Abdominal chemotherapy more effective for ovarian cancer (AFP)

Thu Jan 5th 2006 at 8:23 am ET
abdominal chemotherapy more effective for ovarian cancerWASHINGTON (AFP) - An injection of anti-cancer medicines directly into the abdominal cavity has been shown to be highly effective in prolonging the lives of women with advanced ovarian cancer, a study said.

Abdominal, or intraperitoneal, chemotherapy, a 50-year-old technique that has lost popularity, proved in tests to extend patients' lives by an average 16 months more than those receiving intravenous chemotherapy, said the study in the New England Journal of Medicine dated January 5.

The study offered greater hope to the 22,000 women in the United States diagnosed with ovarian cancer each year. About 16,000 die from the disease annually.

The study, led by Deborah Armstrong of the Johns Hopkins Kimmel Cancer Center in Maryland, compared the two treatments on 415 women with ovarian cancer over seven years.

Roughly half the patients received the more common intravenous chemotherapy using the drugs Cisplaine and Taxol.

The other half first received Taxol intravenously and then both of the drugs injected abdominally in high doses through a catheter.

The results showed that patients receiving abdominal chemotherapy survived an average 65.6 months, compared to 49.7 months for those taking intravenous treatment.

For those getting abdominal therapy as well, relapse-free survival was 23.8 months, compared to 18.3 months for the other group.

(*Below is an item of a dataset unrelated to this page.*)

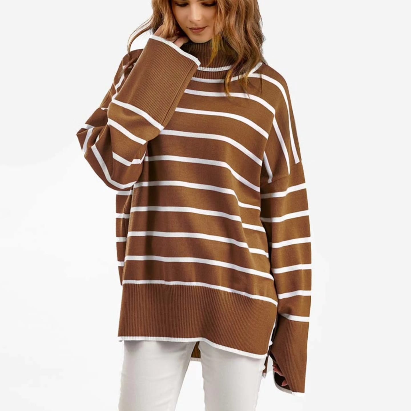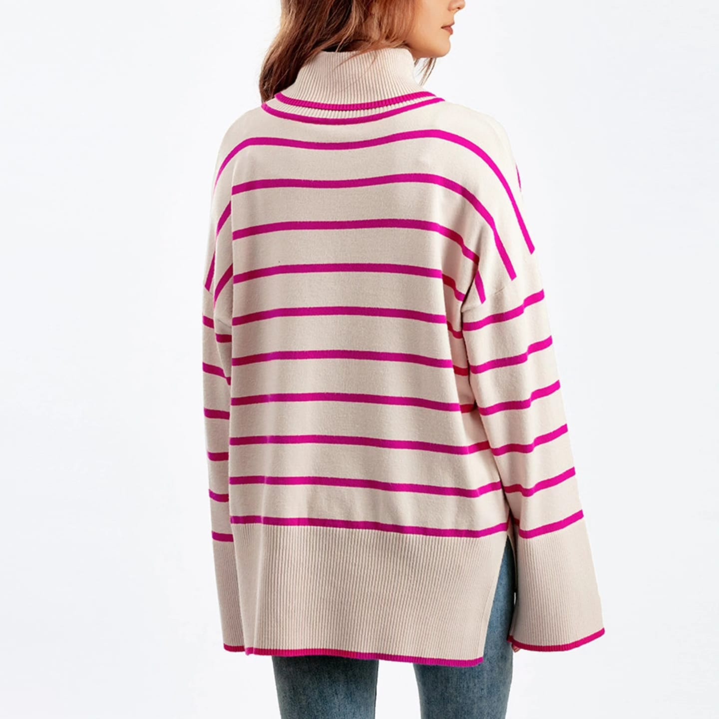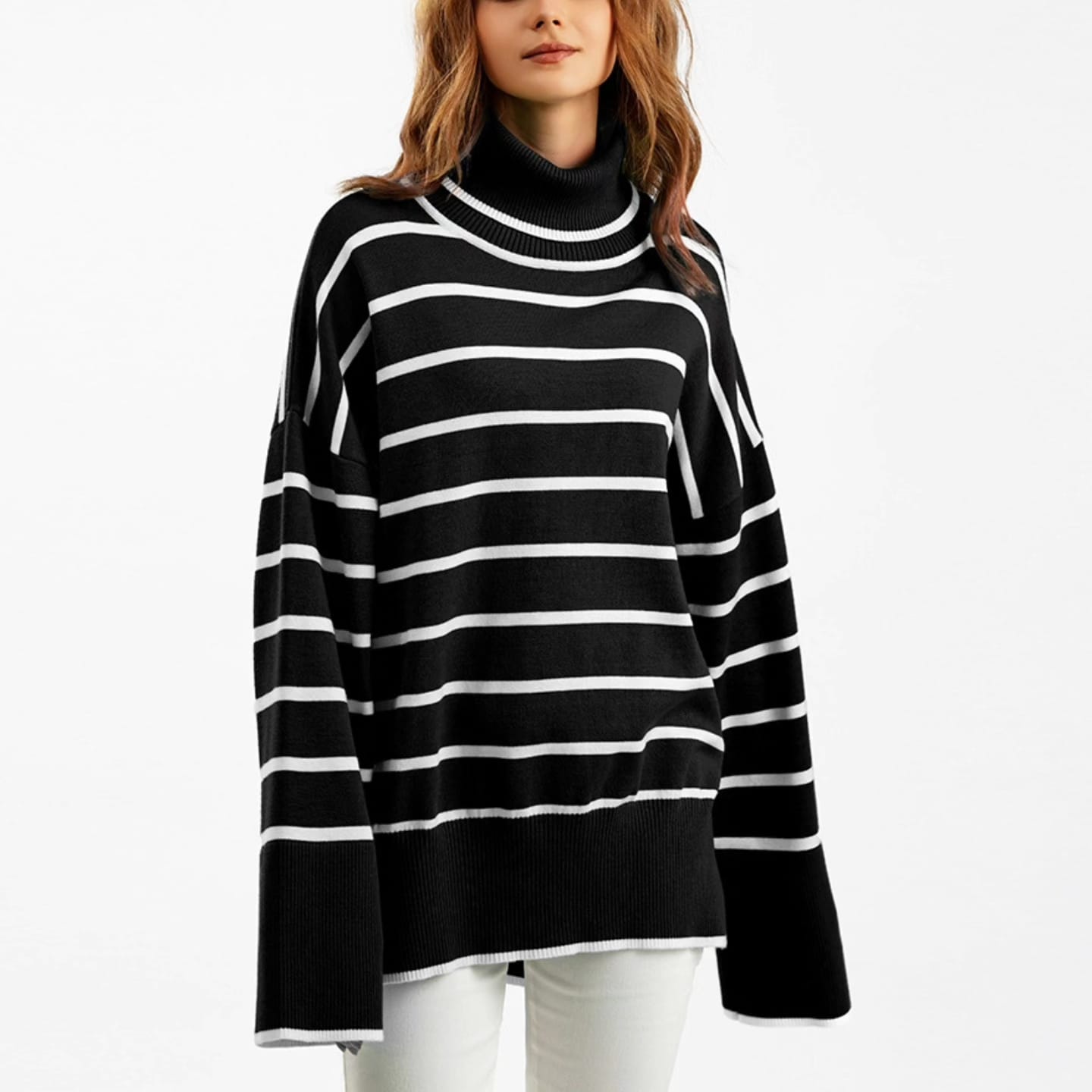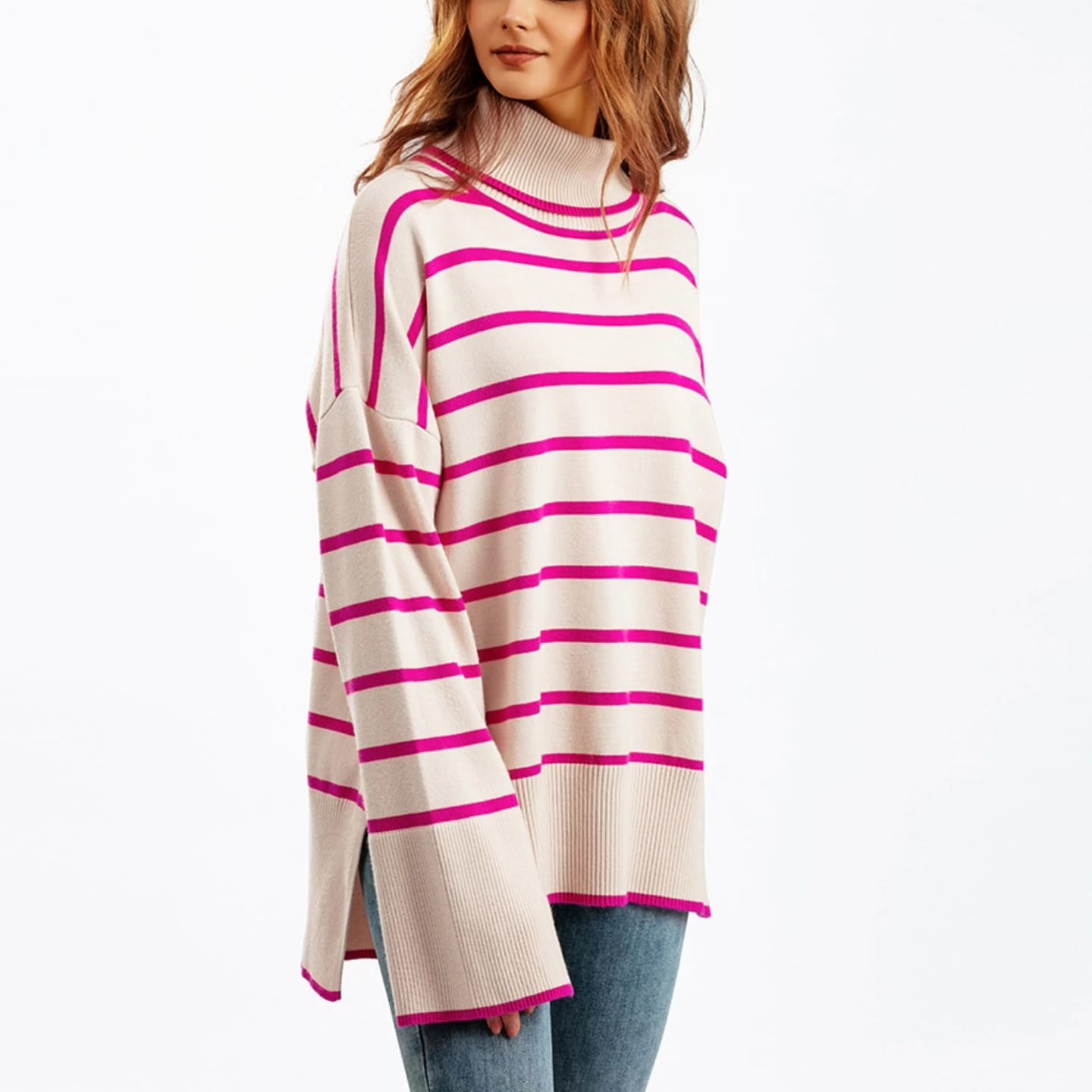 Cozy striped turtleneck knit sweater with side slits for a relaxed and stylish fit.

However, those taking the abdominal treatment had significantly worse side effects during the treatment, including suppressed blood counts and neurological problems.

Problems linked to the catheter meant that less than half of the women on abdominal chemotherapy completed all six treatments.

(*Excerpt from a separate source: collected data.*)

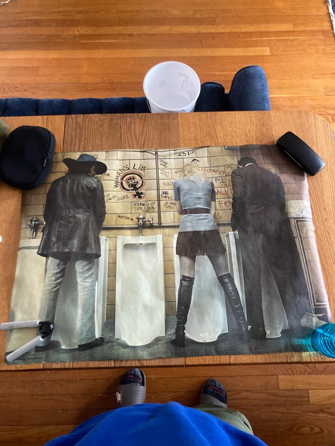 Poster featuring artwork titled "Woman's Lib" with three figures in a restroom setting. Text includes "Stand Up For Equal Rights". Measures approximately 24x36 inches. Paper material.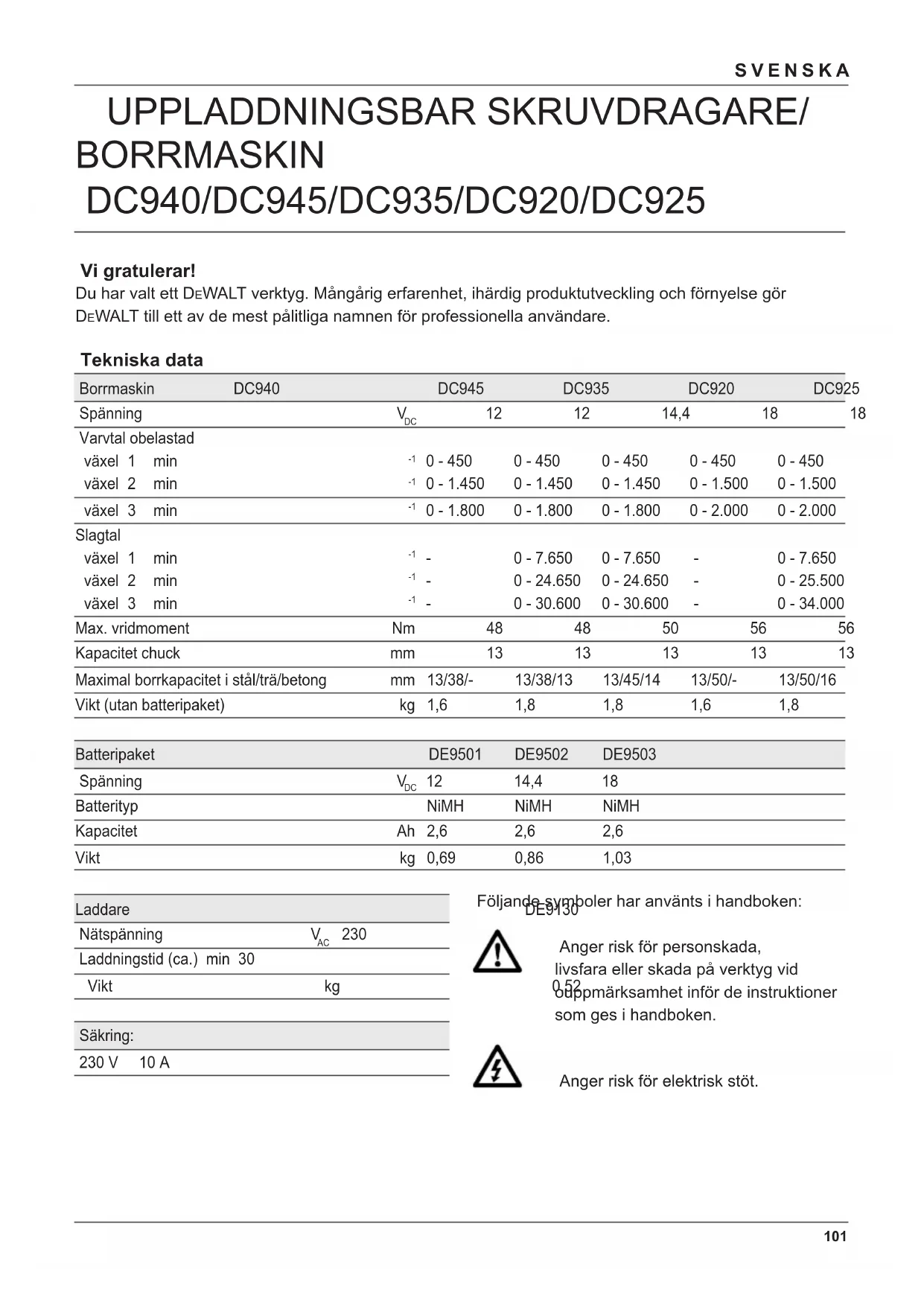 Vi gratulerar! Du har valt ett D E WALT verktyg. Mångårig erfarenhet, ihärdig produktutveckling och förnyelse gör D E WALT till ett av de mest pålitliga namnen för professionella användare. Tekniska data Borrmaskin DC940 DC945 DC935 DC920 DC925 Spänning V 12 12 14,4 18 18 Varvtal obelastad växel 1 min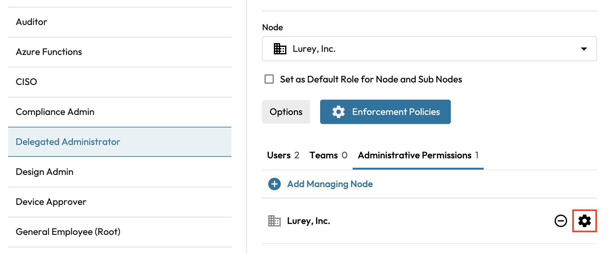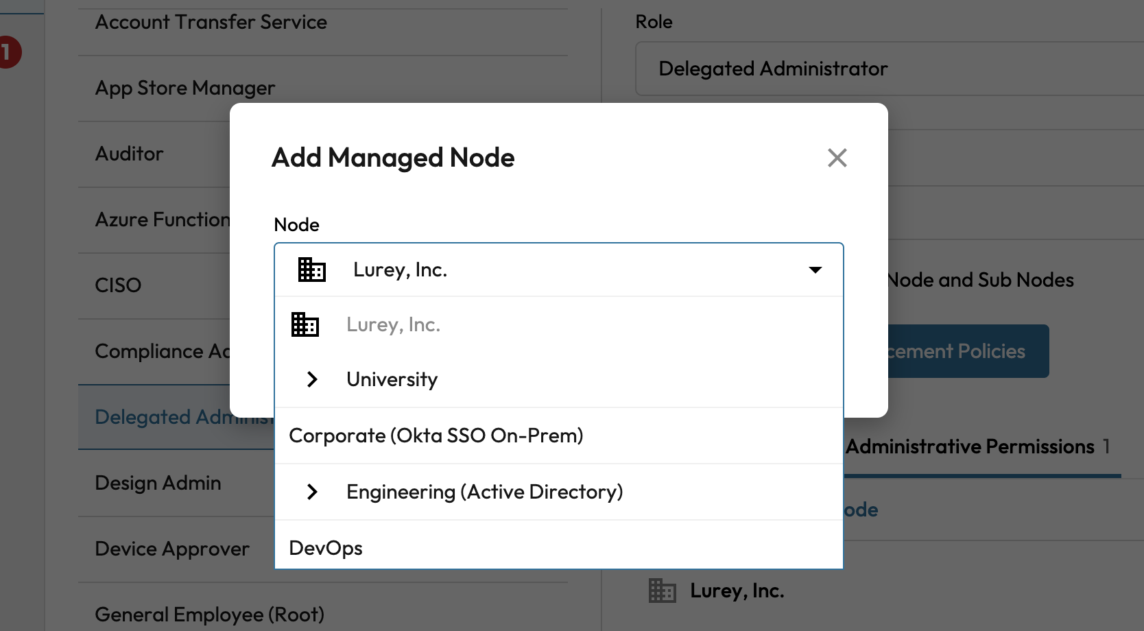 To give Administrative Permissions to a Role, select the + Add Managing Node button on the Role screen.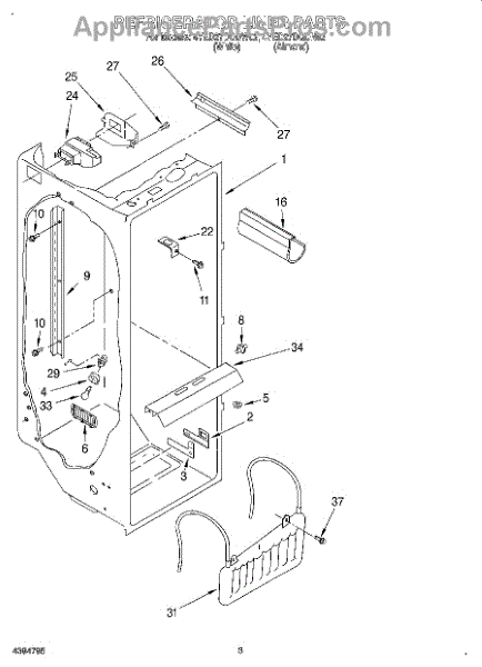The Air Diffuser Assembly is an OEM part for Whirlpool refrigerators. It regulates the airflow between the refrigerator and freezer compartments, ensuring the proper distribution of cold air to maintain the desired temperatures in both sections.
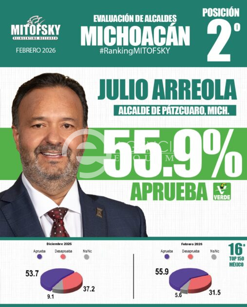 Pátzcuaro, Michoacán, 27 febrero de 2026.- El presidente municipal de Pátzcuaro, Julio Arreola, se posiciona como el segundo mejor alcalde evaluado de Michoacán y se mantiene dentro de los primeros 16 lugares a nivel nacional, de acuerdo con el Ranking MITOFSKY de febrero de 2026, resultado que refleja el respaldo ciudadano al clima de tranquilidad que se ha logrado y sostenido en el municipio.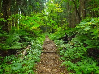歩き始めは杉林の中をだらだらと真っ直ぐな道が続きます。帰ってから知りましたが、この道は昔の鉄道跡だそうです。

But after one year, side effects for both treatments were roughly equal.

"IP (intraperitoneal) therapy is not a new treatment approach, but it has not been widely accepted as the gold standard for women with ovarian cancer," said Armstrong in a statement from the US National Cancer Institute.

"There has been a prejudice against IP therapy in ovarian cancer because it's an old idea, it requires skill and experience for the surgery and for the chemotherapy, and it's more complicated than IV (intravenous) chemotherapy.

"But now we have firm data showing that we should use a combination of IP and IV chemotherapy in most women with advanced ovarian cancer who have had successful surgery to remove the bulk of their tumor," she said.